▸ **RECORDS PROVIDED**:

□ □ □ □ □ □ □

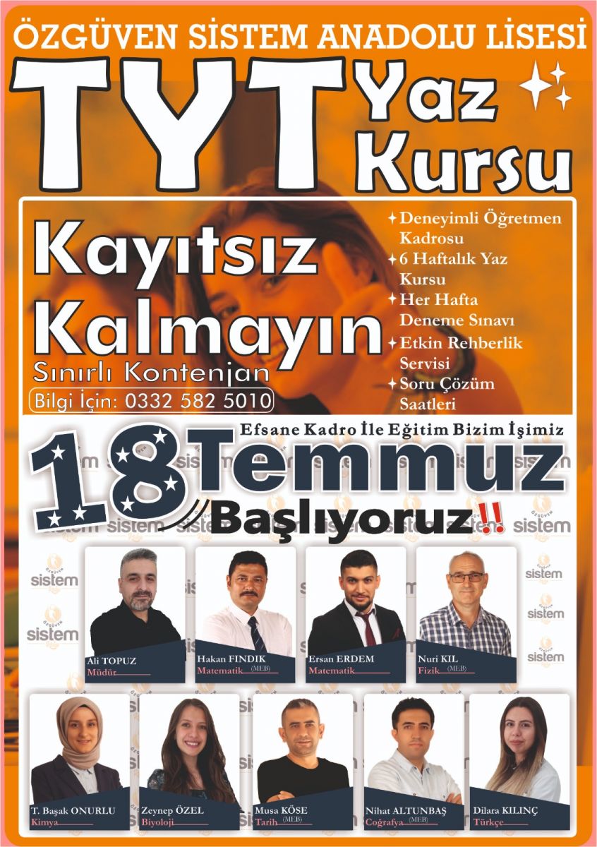 2022 yılı LGS’deilçe 1. ve 3.sünü çıkararak başarılı bir yıla daha imza atan Özgüven Sistem Koleji, aynı başarıyı 2023 YKS için de hedefliyor. Ses getiren kadrosuyla öğrencilerini sınav maratonuna hazırlayan Özgüven Sistem Koleji, 6 haftalık yaz kursunda “akademik dersler, haftalık deneme sınavları, soru çözümleri ve etkin rehberlik servisi” ile yaza damgasını vurmayı planlıyor. 18 Temmuz Pazartesi günü başlayan TYT yaz kursu şimdiden büyük talep görüyor.
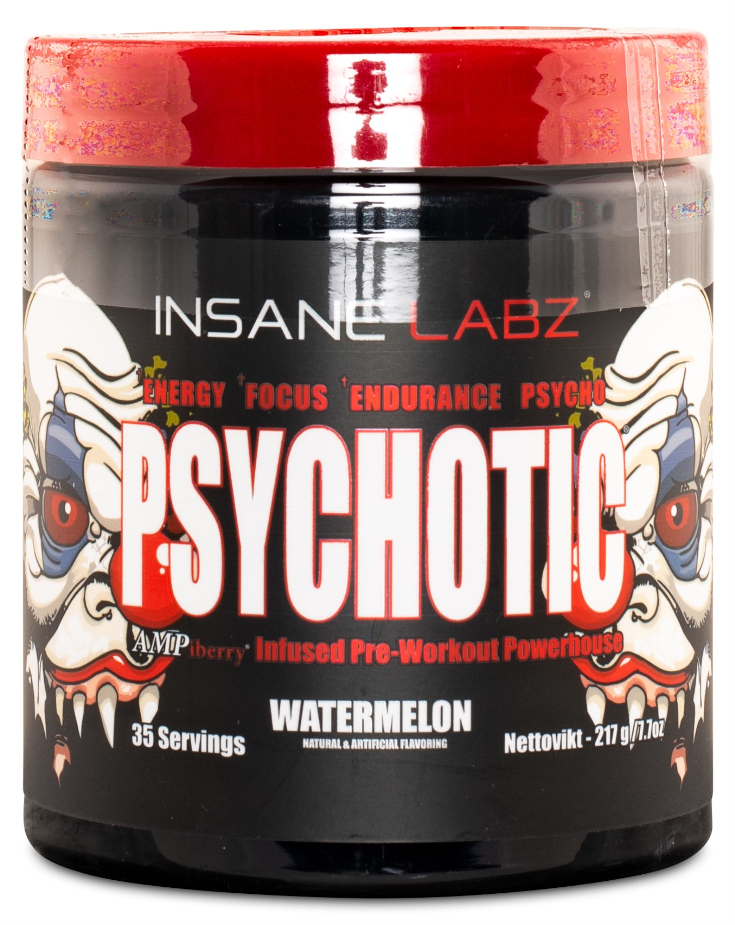 Insane Labz har skapat en riktig powerdrink för den som vill ge 110% på gymmet - Psychotic Pre-Workout! Denna högdoserade PWO är utformad för att intas före träning och det höga koffeininnehållet på hela 400 mg per portion ger dig en uppiggande effekt - perfekt för att ge dig extra muskeluthållighet när du utför utmanande träningspass. Psychotic Pre-Workout innehåller även en mängd andra aktiva ingredienser, såsom Cocoteanol, AMPiberry, Cordyceps och Centella Asiatica, tillsammans med klassiska tillskott som beta-alanin och kreatin. Tillsammans skapar de en explosiv cocktail av energi och uthållighet som får dig att prestera på topp. Så om du vill ta din träning till en helt ny nivå och känna dig starkare och mer uthållig än någonsin tidigare, börja med en halv skopa av denna häftiga PWO och känn effekten!
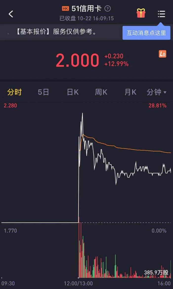 值得一提的,因涉嫌暴利催收,暴跌35%之后,51信用卡于今日下午1点复牌,上涨近25%,截至收盘,上涨12.99%,报2港元/股。
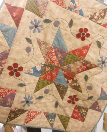 Primitive Hot Cocoa…I know…it is summer (almost), but the Hot Cocoa pattern calls out to us. This simple star surrounded by “perfect-for-embroidery” space. The original was made with shades of brown and brown embroidery on the deep aged cream background and was breathtaking…then we did a QM2015 version using a soft creamy background with brown and blue with no embroidery. This version is very traditional featuring a mottled-almost-gold background with dark aqua, red, purple, green, and brown accents. This little project features fabric from 4 different lines, embroidery, and wool appliqué.
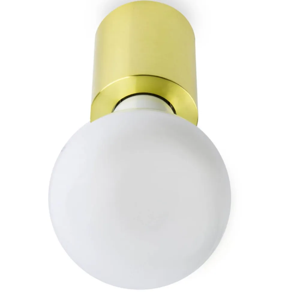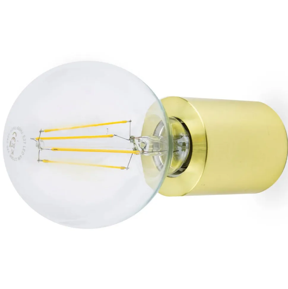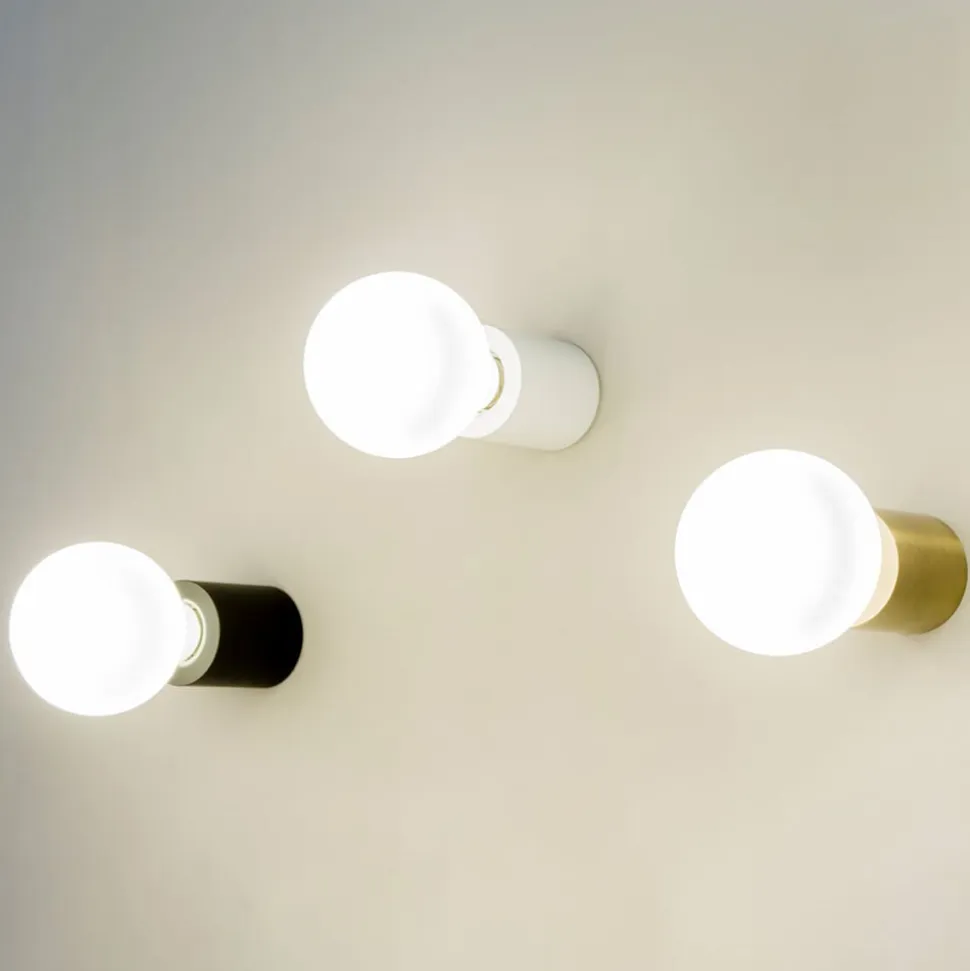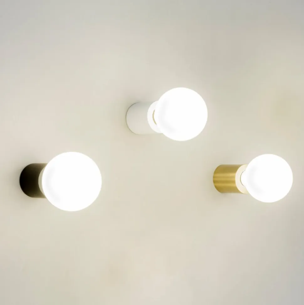 En simpel fatning af metal, hvori der er indsat en lampe med en E27- fatning – det vil sige væglampen Ten, som kan skiftes optisk ved at vælge lampen. Som på billedet kan en globuslampe med klart glas bruges, men LED-lamper med satinoverflade er også mulige eller lamper i andre former (se tilbehør). Lampen kan også bruges som loftlampe i små rum, eller når flere er installeret.
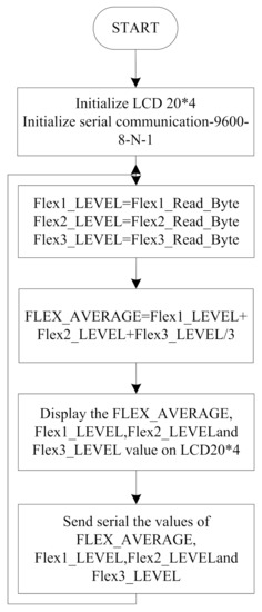 Figure 9 shows the flow diagram of the helmet node. The functions for LCD and serial communication are initialized. After the initialization, the system will wait for the signals from three flex sensors placed in the helmet. The average value of the three sensor outputs is taken, which is displayed on the LCD for experiment purposes and sent to the two-wheeler node through serial communication at a baud rate of 9600 bps. To send data on the cloud server node, MCU is connected to Arduino UNO and receives the data on www.thingspeak.com (accessed on 11 October 2021).
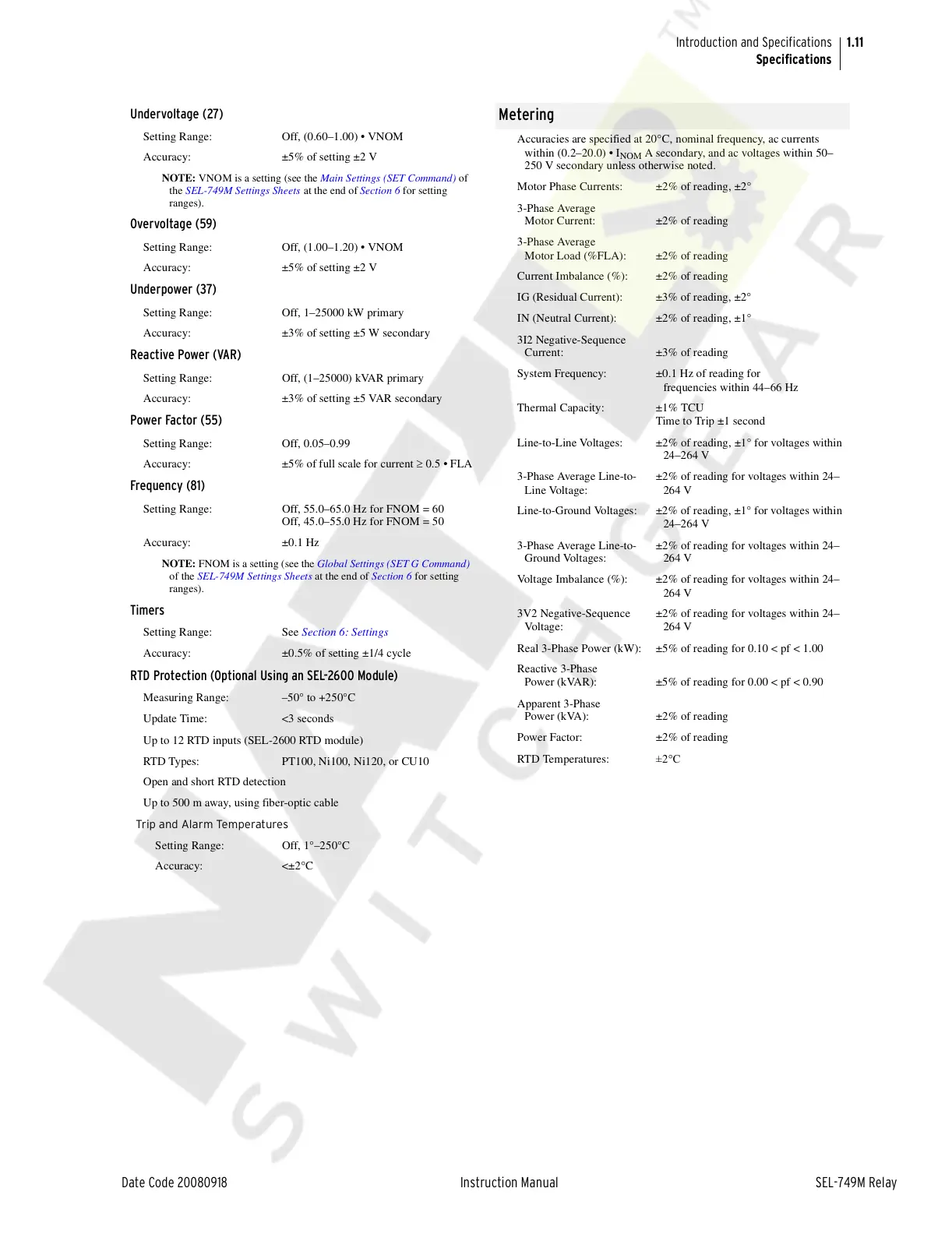 Accuracy: ±3% of setting ±5 W secondary
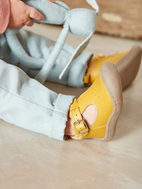 Extrême souplesse, coloris ensoleillé, forme salomé : ces sandales en cuir vont faire le bonheur des bébés qui bougent ! Une création exclusive pour le confort et le bien-être des petits pieds ! Elles offrent une grande liberté de mouvement et permettent d’accompagner l’évolution du pied de bébé vers la marche en assurant un bon développement durant ses moments de jeu et de déplacements.
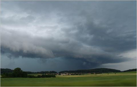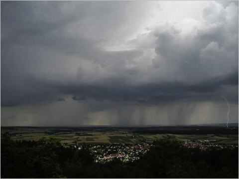 Heute bei schwülen 24°C gab es ab dem Mittag/Nachmittag immer wieder Gewitterbildungen in der Umgebung. Nichts dramatisches, aber schön anzuschauen war es trotzdem. Anbei 2 Bilder aus Hohenentringen bei Tübingen. Ich bitte die schlechte Qualität der Bilder zu entschuldigen, da sie nur mit meiner alten kleinen Digicam gemacht wurden. Auf dem ersten Bild ist sogar noch ein Blitz am rechten Bildrand zu sehen. Der müsste irgendwo zwischen Altingen und Kayh in einen Baum eingeschlagen haben.

□ □ □ □ □ □ □

▸ **PROBLEM**:
Transcribe, from the material above, the stretch starting at the line with "En simpel fatning" and ending at the line with "Accuracy: ±3% of setting ±5 W secondary", both included, exactly. Do not carry over pictures.

▸ **SOLUTION**:
 En simpel fatning af metal, hvori der er indsat en lampe med en E27- fatning – det vil sige væglampen Ten, som kan skiftes optisk ved at vælge lampen. Som på billedet kan en globuslampe med klart glas bruges, men LED-lamper med satinoverflade er også mulige eller lamper i andre former (se tilbehør). Lampen kan også bruges som loftlampe i små rum, eller når flere er installeret.
 Figure 9 shows the flow diagram of the helmet node. The functions for LCD and serial communication are initialized. After the initialization, the system will wait for the signals from three flex sensors placed in the helmet. The average value of the three sensor outputs is taken, which is displayed on the LCD for experiment purposes and sent to the two-wheeler node through serial communication at a baud rate of 9600 bps. To send data on the cloud server node, MCU is connected to Arduino UNO and receives the data on www.thingspeak.com (accessed on 11 October 2021).
 Accuracy: ±3% of setting ±5 W secondary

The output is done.